Co tu pisać? Wszystko widać, a mina sama mówi za siebie...   :(

 

post-1521-0-31690100-1413720655_thumb.jpg

 

Tak się kijek złożył pod braniem okonia widocznego na zdjęciu. Huknął "jak diabeł z pistoletu" tuż przy łodzi, a kijek trach! Musi, jakieś uszkodzenie miał i strzelił. Teraz przetestuję serwis Kongera. ;)

Edited by Jotes
Link to comment
Share on other sites

W dziwnym miejscu strzelił

 

Z moich obserwacji mogę powiedzieć, że jakoś dziwnie zachowywał się od początku, jakby miał źle rozstawione przelotki, bo właśnie w tym miejscu pod obciążeniem było największe ugięcie. Jakoś tak dziwnie, że aż sztucznie to wyglądało. Logicznym jest, że najbardziej powinna pracować wklejka, a reszta równomiernie rozkładać cały ciężar. A tu było inaczej. To miejsce najmocniej pracowało, jakby w nim był najcieńszy blank (osłabiony jakąś wadą). Tak, czy siak - kijek już oddany do naprawy. Tylko nie wiem, czy dane mi jeszcze będzie z niego skorzystać w tym sezonie, bo potrwa to ok 1 miesiąca. ;)

 

 

Mina Jotesa - bezcenna.

 

 

Trzy w jednym. ZWiZ... Zdziwiony, wściekły i załamany.   :)

 

No i nie wiem co głośniej strzeliło - kij, czy pękające wraz z nim moje serce?   :lol:

Edited by Jotes
Link to comment
Share on other sites

Używałem kilka okoniowych Kongerów, były i są do tej pory zajefajne.

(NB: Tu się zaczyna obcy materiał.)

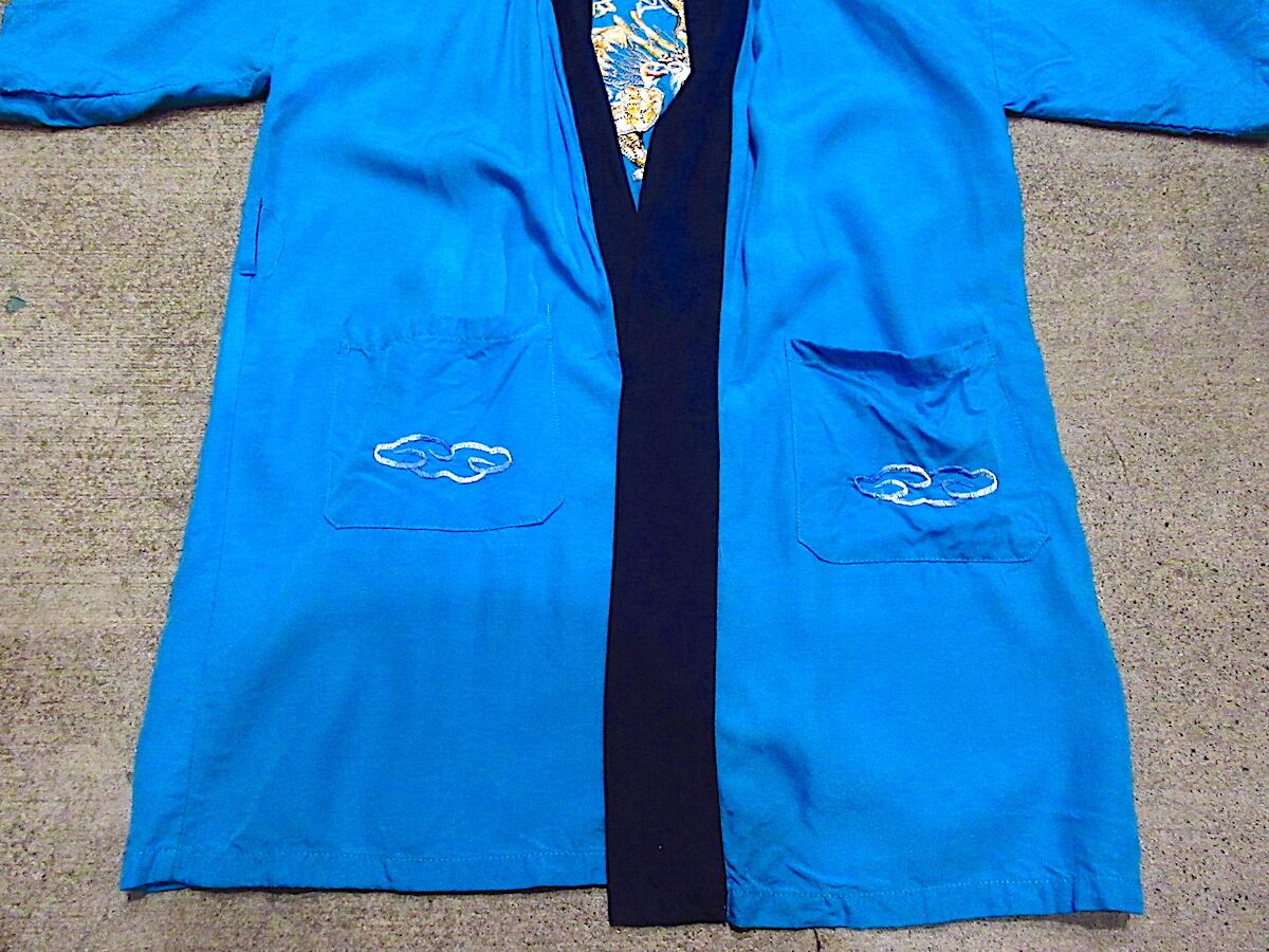 ビンテージ~70's●キッズドラゴン刺繍入り半袖ガウン水色size 10●230911c2-k-gwn 1970s子供服羽織法被古着

Miałem trzy rozmiary i nie powiem złego słowa ale ten Konger.... hmmm, pewnie miał przedobrzone ścianki, kruche i cienkie.

Czyli mamy pierwszą opinię, faktycznie minka bezcenna ;)

 

Tanio kupić to dobrze kupić ale czy zawsze?

Jak widać wyjątek potwierdza regułę.

Może to tylko pech?

Link to comment
Share on other sites


Używałem kilka okoniowych Kongerów, były i są do tej pory zajefajne.

 

Grzybku, ja na łodzi mam zawsze trzy wklejanki, a ostatnio były to: Konger Tiger Spinn UL 3-18 g; Konger Aviator do 10 g i Konger Virago Twist-R 1-10 g i również złego słowa o nich nie mam prawa powiedzieć. I np Tiger UL to klasyk, którego już nie kupisz, a jest zaje...fajny i niepowtarzalny. A wszystkie te kijki są kupione tanio, z niskiej półki cenowej. Ale wszędzie można trafić jakąś wadę i niekoniecznie wynika ona z taniej produkcji, czy gorszych materiałów. Ot! Po prostu feler. I tak to sobie tłumaczę.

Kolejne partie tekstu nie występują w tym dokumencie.